## [INPUT MATERIAL]
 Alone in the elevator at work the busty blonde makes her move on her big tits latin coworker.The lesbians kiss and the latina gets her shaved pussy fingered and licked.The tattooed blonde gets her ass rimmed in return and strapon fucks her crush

---

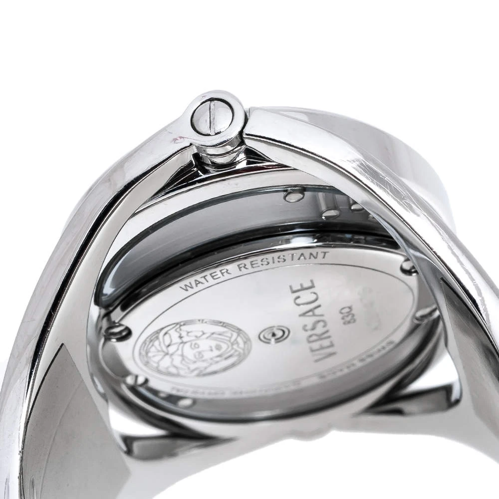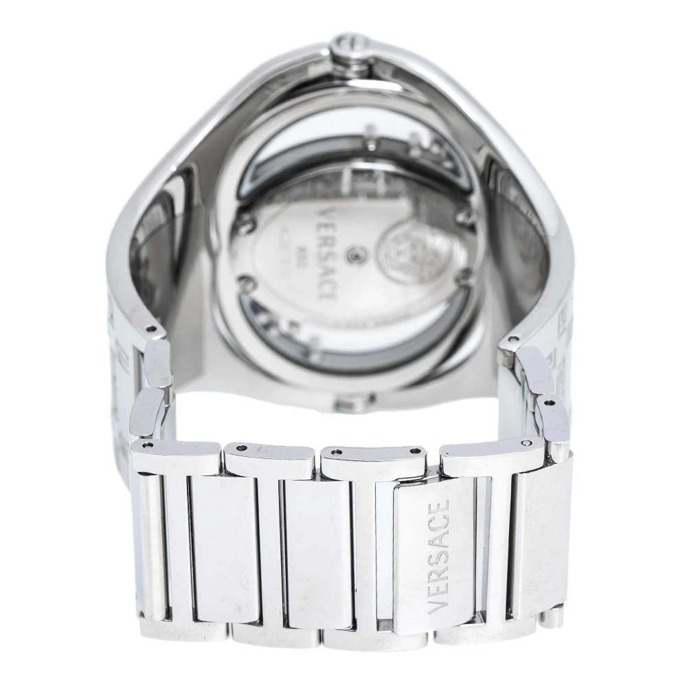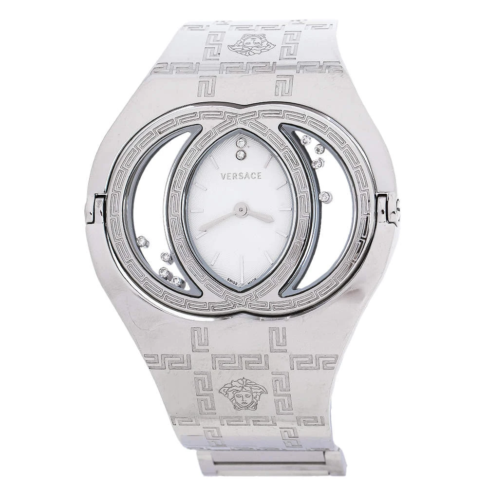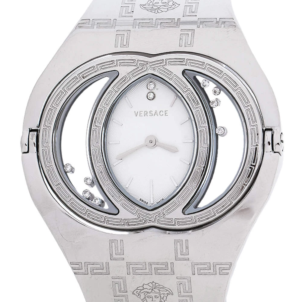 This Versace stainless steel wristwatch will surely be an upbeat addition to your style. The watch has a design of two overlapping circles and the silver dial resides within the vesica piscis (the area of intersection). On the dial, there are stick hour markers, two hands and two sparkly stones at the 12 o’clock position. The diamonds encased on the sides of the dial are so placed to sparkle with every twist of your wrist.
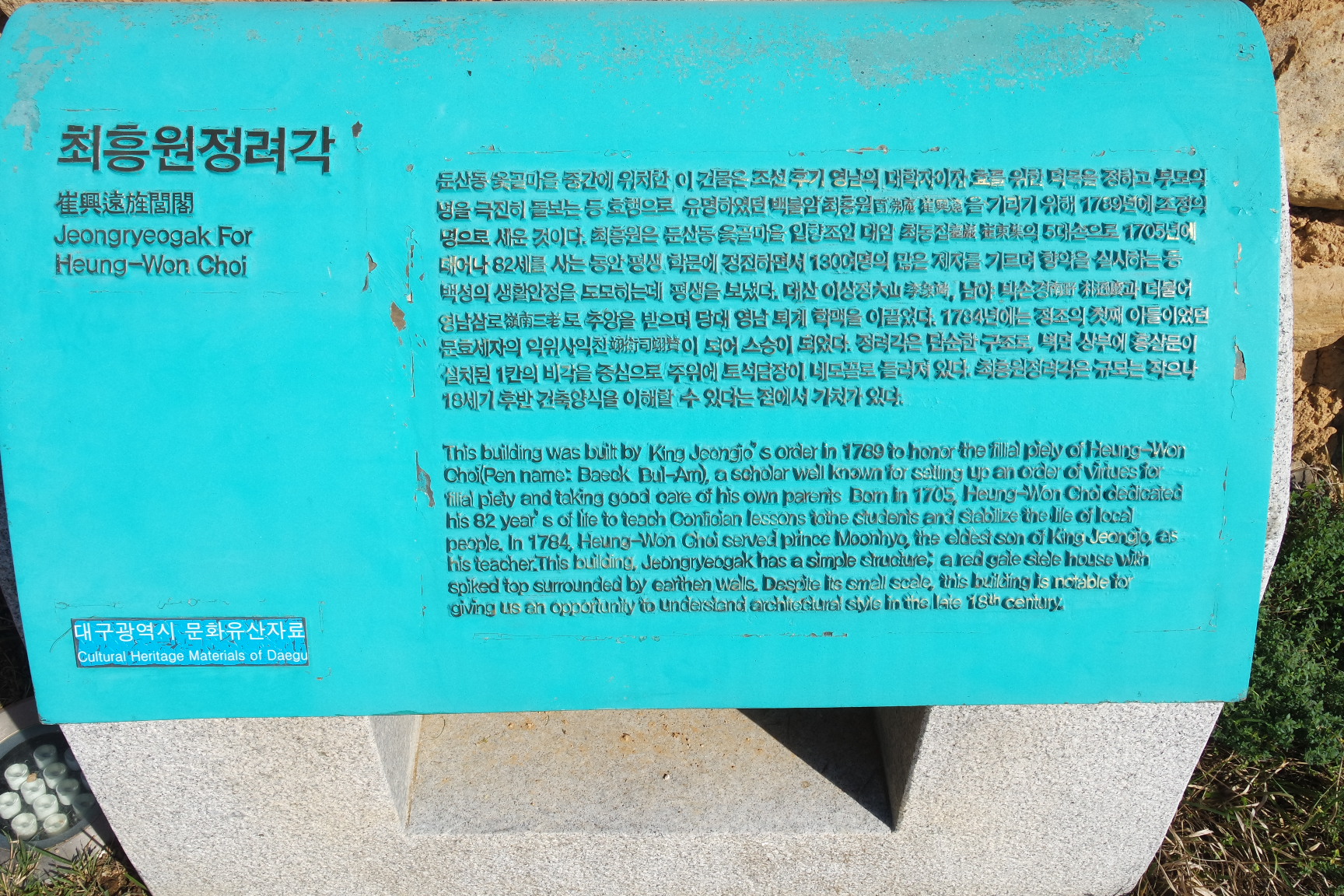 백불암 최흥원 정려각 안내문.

## [WHAT THIS TASK INVOLVES]
A clean copy is needed of the lines in the listing above from the one with "This Versace stainless" through the one with "백불암 최흥원 정려각 안내문.", exact in every word and free of pictures.

## [ANSWER]
 This Versace stainless steel wristwatch will surely be an upbeat addition to your style. The watch has a design of two overlapping circles and the silver dial resides within the vesica piscis (the area of intersection). On the dial, there are stick hour markers, two hands and two sparkly stones at the 12 o’clock position. The diamonds encased on the sides of the dial are so placed to sparkle with every twist of your wrist.
 백불암 최흥원 정려각 안내문.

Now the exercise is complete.